-- DATASET RECORDS follows --
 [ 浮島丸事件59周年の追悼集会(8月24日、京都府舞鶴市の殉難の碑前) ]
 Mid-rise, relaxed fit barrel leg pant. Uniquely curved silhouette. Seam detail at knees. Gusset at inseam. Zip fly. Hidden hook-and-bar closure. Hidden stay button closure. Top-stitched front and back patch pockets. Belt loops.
-- DATASET RECORDS concluded --
-- DATASET RECORDS follows --
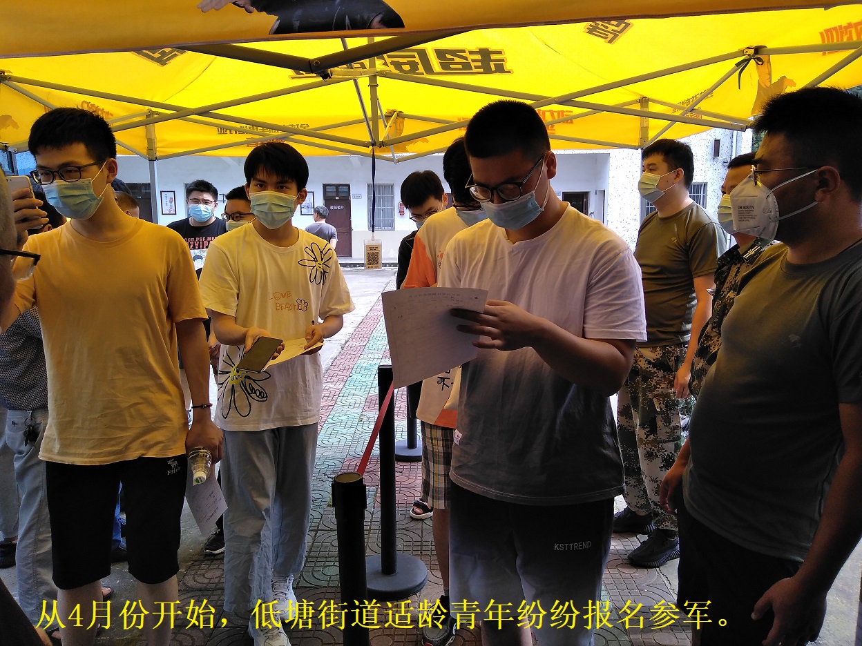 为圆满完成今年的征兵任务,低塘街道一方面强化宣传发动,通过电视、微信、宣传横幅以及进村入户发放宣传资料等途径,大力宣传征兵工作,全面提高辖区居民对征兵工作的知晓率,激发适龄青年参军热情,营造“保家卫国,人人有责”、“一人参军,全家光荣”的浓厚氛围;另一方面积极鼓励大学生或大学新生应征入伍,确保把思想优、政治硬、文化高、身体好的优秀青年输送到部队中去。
-- DATASET RECORDS concluded --
-- DATASET RECORDS follows --
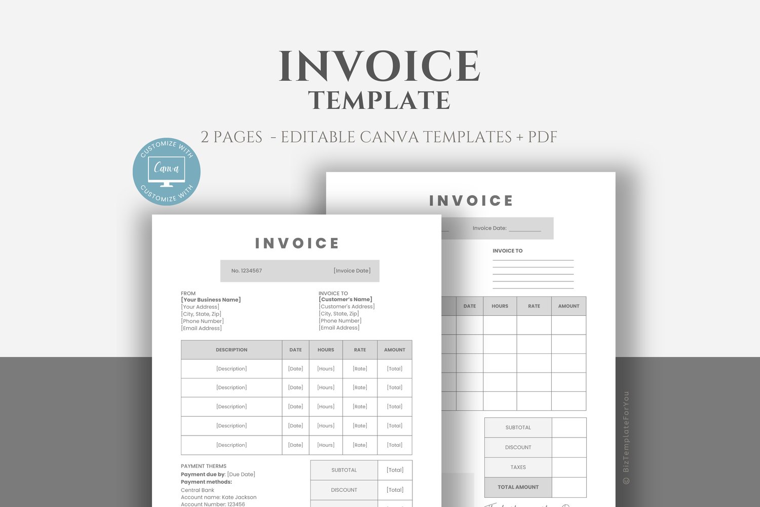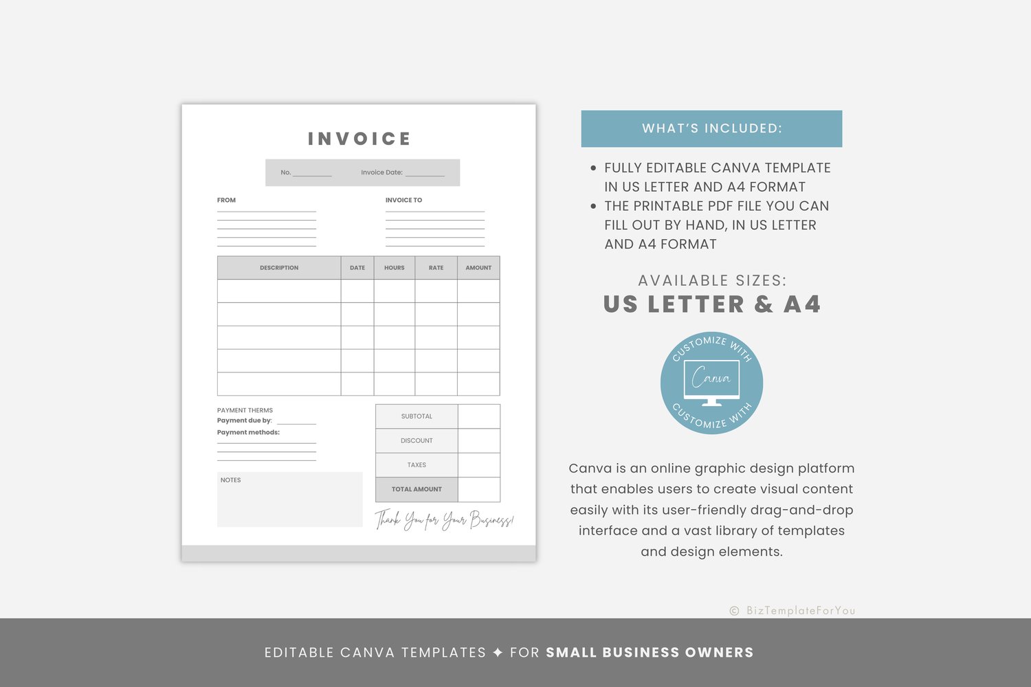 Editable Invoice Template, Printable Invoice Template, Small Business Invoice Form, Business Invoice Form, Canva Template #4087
-- DATASET RECORDS concluded --
TASK DETAILS —
Starting with the line that holds "[ 浮島丸事件59周年の追悼集会(8月24日、京都府舞鶴市の殉難の碑前) ]" and ending with the line that holds "Mid-rise, relaxed fit", retype every line in the data above exactly, and nothing else.

OUTPUT FOR THIS TASK —
 [ 浮島丸事件59周年の追悼集会(8月24日、京都府舞鶴市の殉難の碑前) ]
 Mid-rise, relaxed fit barrel leg pant. Uniquely curved silhouette. Seam detail at knees. Gusset at inseam. Zip fly. Hidden hook-and-bar closure. Hidden stay button closure. Top-stitched front and back patch pockets. Belt loops.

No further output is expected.